Re: [Openinteract-help] Serving a lot of sites within one OI system

SourceForge Headquarters 1320 Columbia Street Suite 310 San Diego, CA 92101 +1 (858) 422-6466

Barry Hoggard wrote:
> I'm reading the documents, but before I get too deep, I want to see if 
> OI is likely to work for the system I'm designing.  I've started hosting 
> web sites for artists, and they each have a CMS for dealing with works, 
> images, etc.
> 
> I want to create a system where I only have one set of handlers, but 
> which CSS, HTML, and database records presented depend on the hostname. 
>  That is -- all of the sites point to one IP, and we switch depending on 
> which one it is.
> 
> Does it seems reasonable to build such a system with OI?  I'm wondering 
> about the ability to let someone only edit "their" objects within the 
> editing system using OI and SPOPS security.

It should be possible with a little work.

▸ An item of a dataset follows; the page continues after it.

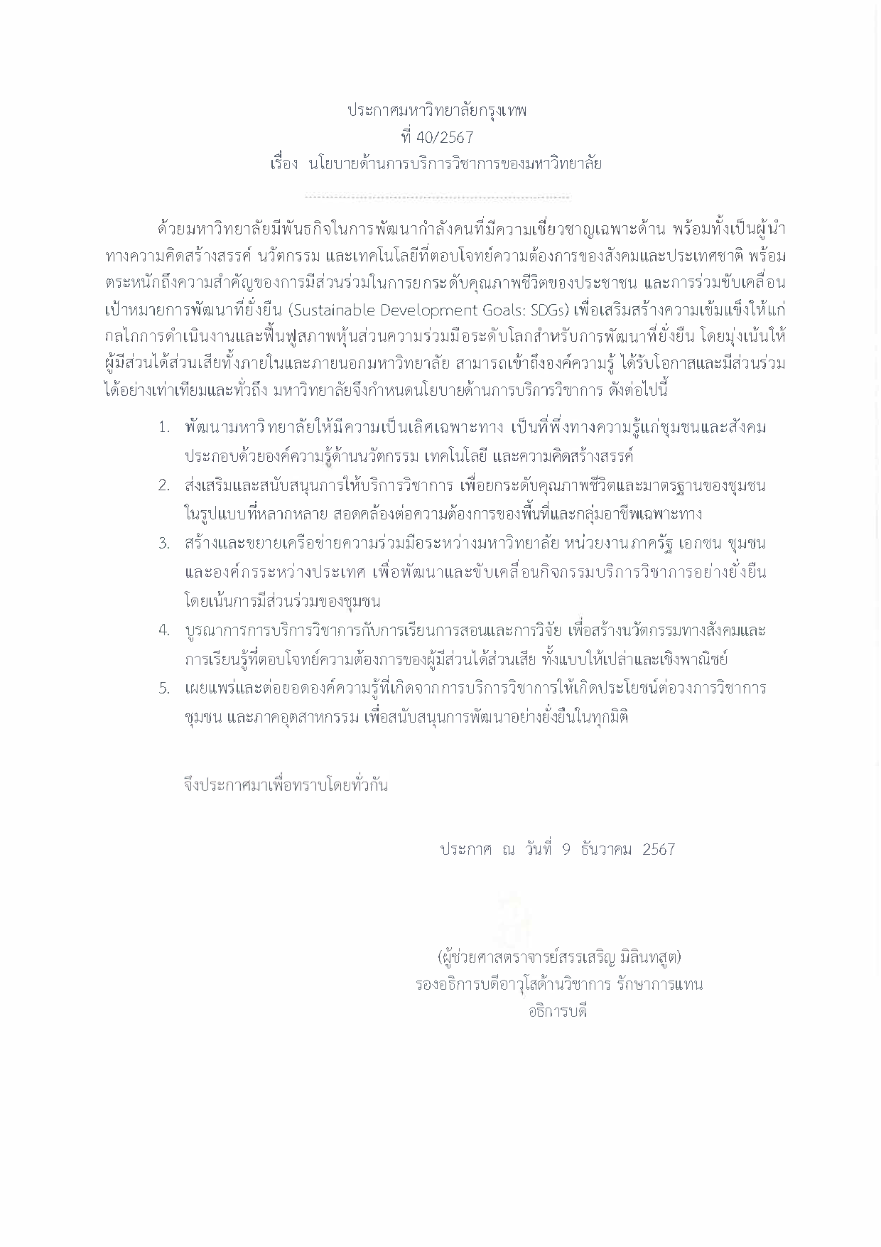 นโยบายด้านการบริการวิชาการของมหาวิทยาลัย ประกาศ ณ วันที่ 9 ธันวาคม พ.ศ. 2567 by นโยบายด้านการบริการวิชาการของมหาวิทยาลัย ประกาศ ณ วันที่ 9 ธันวาคม พ.ศ. 2567

I haven't done this 
before, but to get technical I think you'll have to do the following:

In the vhost config:

  * only set the 'PerlRequire' to execute on *one* vhost config
  * set all the other perl-specific entries in all vhost configs:
     <Perl>use lib...
     PerlSetVar
     <Location />...
  * add something like 'PerlSetVar CmsGroupId 4' to each one, 
varying the group ID based on the different vhost
  * add something like 'PerlSetVar CmsThemeId 4' to each one, 
varying the group ID based on the different vhost

Elsewhere:

  * create a group for each CMS defined
  * create a subclass of OpenInteract::Auth which overrides 
'group' and fetches the group object based on the CmsGroupId for 
that vhost
  * create a theme for each CMS defined; you can vary only the 
theme properties you need
  * create a subclass of OpenInteract that overrides 
'setup_theme' and fetches the theme object based on the 
CmsThemeId for that vhost
  * create a security policy so that every object that is secured 
sets the CmsGroupId to at least read and that the 'world' 
permissions are set to 'none'

The last one (relating to object security) is the only difficult 
one, and to be honest I've never tried implementing a security 
policy like this. In theory it's not that difficult, but...

Hope this helps,

Chris

-- 
Chris Winters (ch...@cw...)
Building enterprise-capable snack solutions since 1988.